Required action
Copy exactly the lines from the start of the material through the line with "Fashion editorial photography". Pictures stay out of the copy.

Data supplied
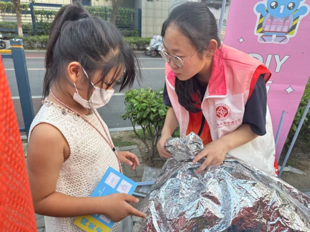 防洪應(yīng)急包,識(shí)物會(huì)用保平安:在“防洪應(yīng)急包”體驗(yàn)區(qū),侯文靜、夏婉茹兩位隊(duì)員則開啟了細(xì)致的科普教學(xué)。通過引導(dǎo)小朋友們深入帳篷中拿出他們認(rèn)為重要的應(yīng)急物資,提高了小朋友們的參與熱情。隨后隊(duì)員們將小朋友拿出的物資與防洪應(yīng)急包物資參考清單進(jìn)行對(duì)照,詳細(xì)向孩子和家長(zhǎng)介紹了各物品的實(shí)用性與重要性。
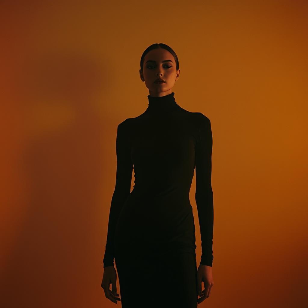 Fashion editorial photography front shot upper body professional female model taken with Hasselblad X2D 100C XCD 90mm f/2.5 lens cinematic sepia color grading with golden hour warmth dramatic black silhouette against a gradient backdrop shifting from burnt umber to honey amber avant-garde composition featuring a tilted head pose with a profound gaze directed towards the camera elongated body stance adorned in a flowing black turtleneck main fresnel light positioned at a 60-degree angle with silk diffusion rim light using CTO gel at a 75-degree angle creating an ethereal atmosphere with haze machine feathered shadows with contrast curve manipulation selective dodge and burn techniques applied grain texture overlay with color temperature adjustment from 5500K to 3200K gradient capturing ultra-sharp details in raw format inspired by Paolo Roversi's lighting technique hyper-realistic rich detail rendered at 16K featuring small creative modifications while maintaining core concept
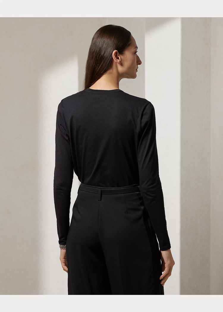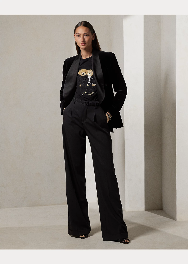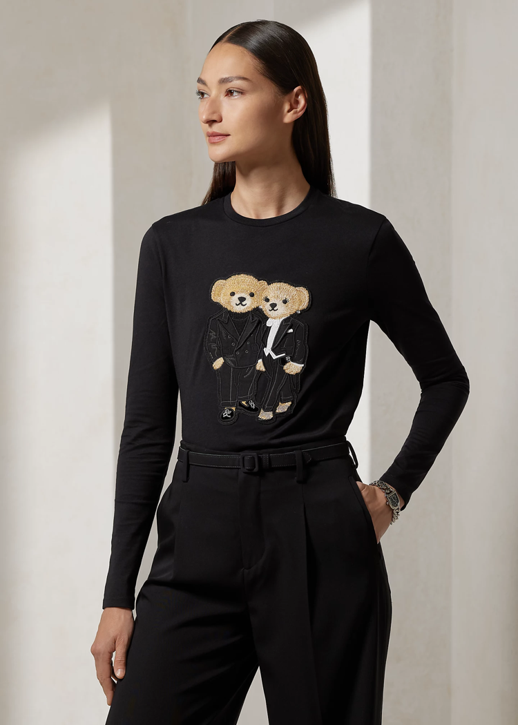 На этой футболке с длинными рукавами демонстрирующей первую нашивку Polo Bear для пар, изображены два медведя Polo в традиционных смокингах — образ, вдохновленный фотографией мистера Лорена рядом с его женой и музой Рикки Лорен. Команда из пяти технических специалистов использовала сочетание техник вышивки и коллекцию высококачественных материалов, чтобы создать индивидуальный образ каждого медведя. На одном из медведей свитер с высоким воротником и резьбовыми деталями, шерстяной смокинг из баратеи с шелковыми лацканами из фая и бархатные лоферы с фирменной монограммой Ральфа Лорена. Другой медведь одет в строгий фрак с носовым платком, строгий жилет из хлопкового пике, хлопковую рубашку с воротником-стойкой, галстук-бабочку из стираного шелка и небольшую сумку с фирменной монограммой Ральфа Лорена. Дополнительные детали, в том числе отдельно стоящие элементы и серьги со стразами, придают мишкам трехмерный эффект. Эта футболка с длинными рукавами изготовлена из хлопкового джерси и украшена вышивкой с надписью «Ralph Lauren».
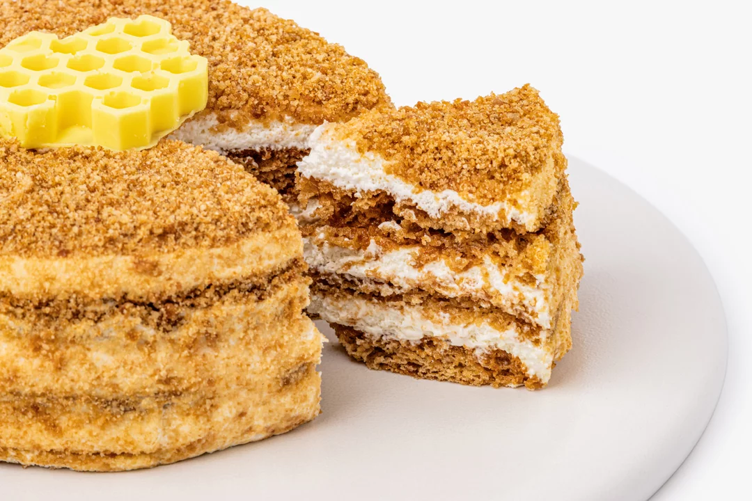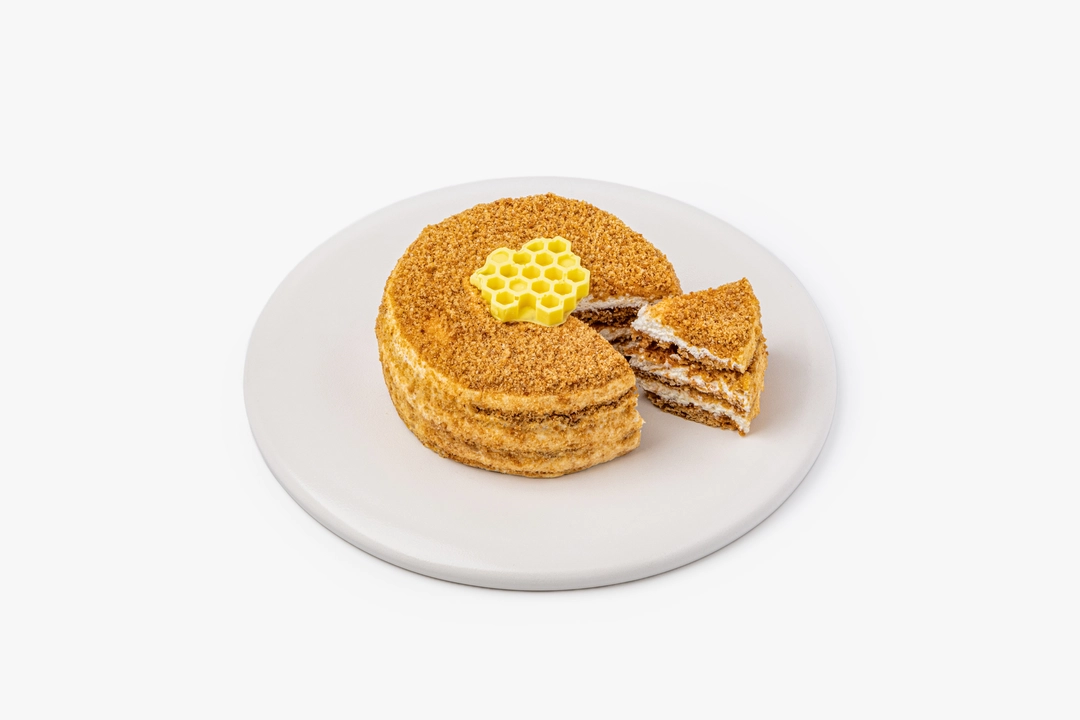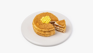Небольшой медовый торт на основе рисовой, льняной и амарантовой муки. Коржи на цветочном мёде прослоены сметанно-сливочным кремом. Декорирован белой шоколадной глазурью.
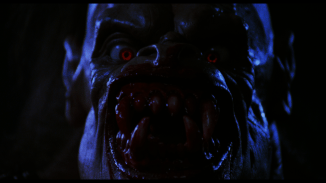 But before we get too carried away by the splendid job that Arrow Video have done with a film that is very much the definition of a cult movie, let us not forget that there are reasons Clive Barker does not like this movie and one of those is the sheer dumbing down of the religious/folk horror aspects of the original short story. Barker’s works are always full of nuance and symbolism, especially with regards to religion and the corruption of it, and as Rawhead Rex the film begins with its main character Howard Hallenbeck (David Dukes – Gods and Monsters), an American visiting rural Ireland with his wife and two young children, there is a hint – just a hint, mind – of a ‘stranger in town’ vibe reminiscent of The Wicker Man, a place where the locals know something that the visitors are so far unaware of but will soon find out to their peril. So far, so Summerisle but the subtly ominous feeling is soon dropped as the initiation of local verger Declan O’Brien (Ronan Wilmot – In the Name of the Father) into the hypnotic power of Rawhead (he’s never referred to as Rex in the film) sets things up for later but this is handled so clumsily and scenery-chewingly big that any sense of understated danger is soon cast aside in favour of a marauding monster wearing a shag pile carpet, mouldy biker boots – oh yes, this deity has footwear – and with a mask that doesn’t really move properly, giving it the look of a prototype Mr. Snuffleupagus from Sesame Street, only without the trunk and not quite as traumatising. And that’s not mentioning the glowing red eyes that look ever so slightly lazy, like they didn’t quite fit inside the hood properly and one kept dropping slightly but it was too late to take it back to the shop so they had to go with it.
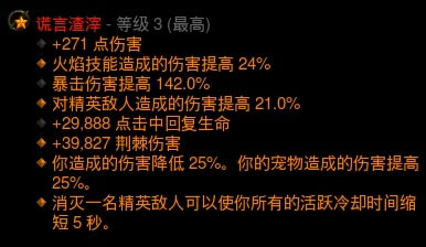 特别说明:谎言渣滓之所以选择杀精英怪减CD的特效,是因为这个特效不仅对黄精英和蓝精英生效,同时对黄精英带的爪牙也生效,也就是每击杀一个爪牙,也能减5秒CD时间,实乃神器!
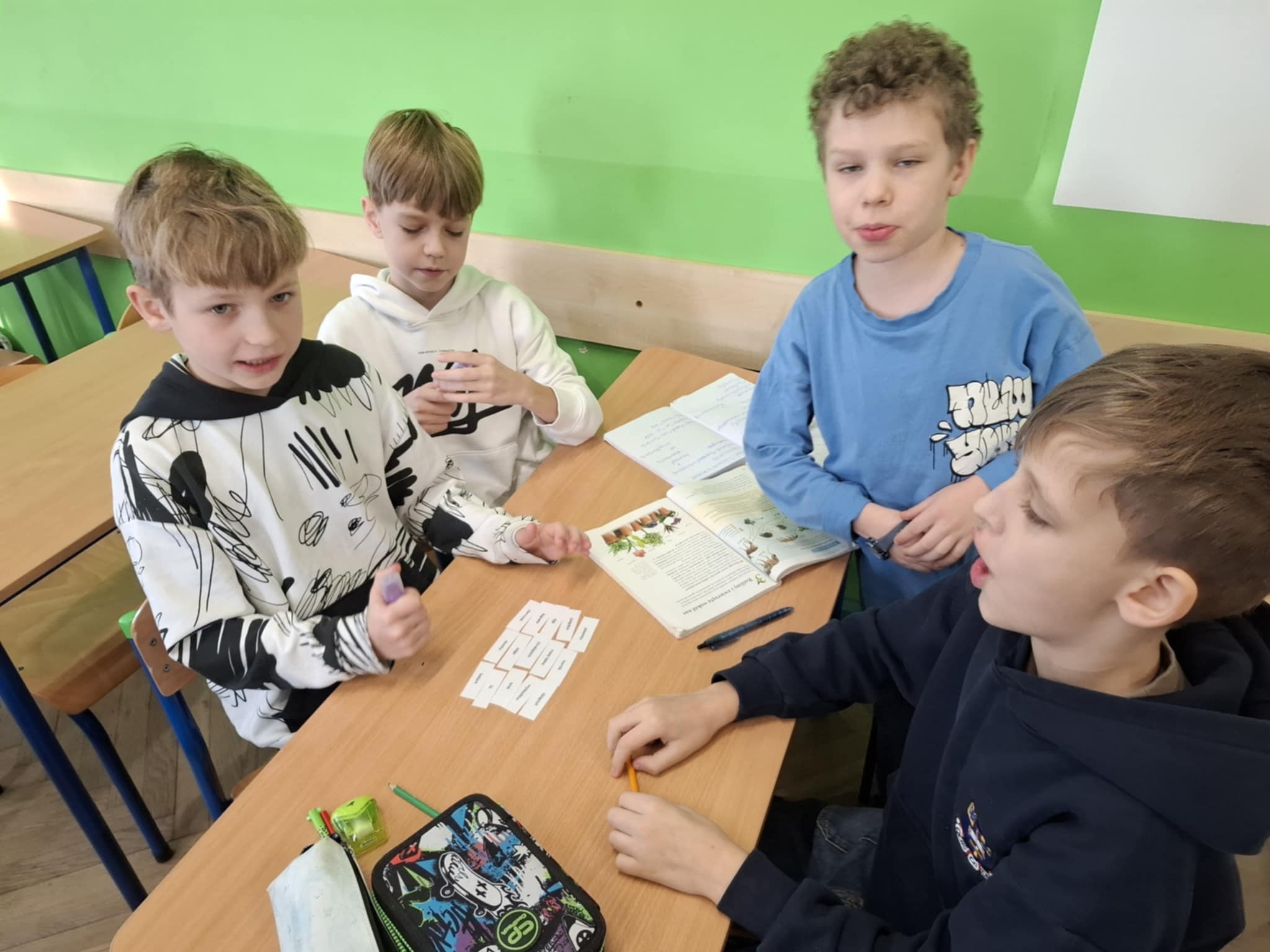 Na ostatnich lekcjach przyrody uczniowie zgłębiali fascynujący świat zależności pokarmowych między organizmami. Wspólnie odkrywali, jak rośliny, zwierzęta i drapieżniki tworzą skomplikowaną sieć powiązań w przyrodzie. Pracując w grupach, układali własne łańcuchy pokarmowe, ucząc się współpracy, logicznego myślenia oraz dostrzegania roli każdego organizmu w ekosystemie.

Response box
 防洪應(yīng)急包,識(shí)物會(huì)用保平安:在“防洪應(yīng)急包”體驗(yàn)區(qū),侯文靜、夏婉茹兩位隊(duì)員則開啟了細(xì)致的科普教學(xué)。通過引導(dǎo)小朋友們深入帳篷中拿出他們認(rèn)為重要的應(yīng)急物資,提高了小朋友們的參與熱情。隨后隊(duì)員們將小朋友拿出的物資與防洪應(yīng)急包物資參考清單進(jìn)行對(duì)照,詳細(xì)向孩子和家長(zhǎng)介紹了各物品的實(shí)用性與重要性。
 Fashion editorial photography front shot upper body professional female model taken with Hasselblad X2D 100C XCD 90mm f/2.5 lens cinematic sepia color grading with golden hour warmth dramatic black silhouette against a gradient backdrop shifting from burnt umber to honey amber avant-garde composition featuring a tilted head pose with a profound gaze directed towards the camera elongated body stance adorned in a flowing black turtleneck main fresnel light positioned at a 60-degree angle with silk diffusion rim light using CTO gel at a 75-degree angle creating an ethereal atmosphere with haze machine feathered shadows with contrast curve manipulation selective dodge and burn techniques applied grain texture overlay with color temperature adjustment from 5500K to 3200K gradient capturing ultra-sharp details in raw format inspired by Paolo Roversi's lighting technique hyper-realistic rich detail rendered at 16K featuring small creative modifications while maintaining core concept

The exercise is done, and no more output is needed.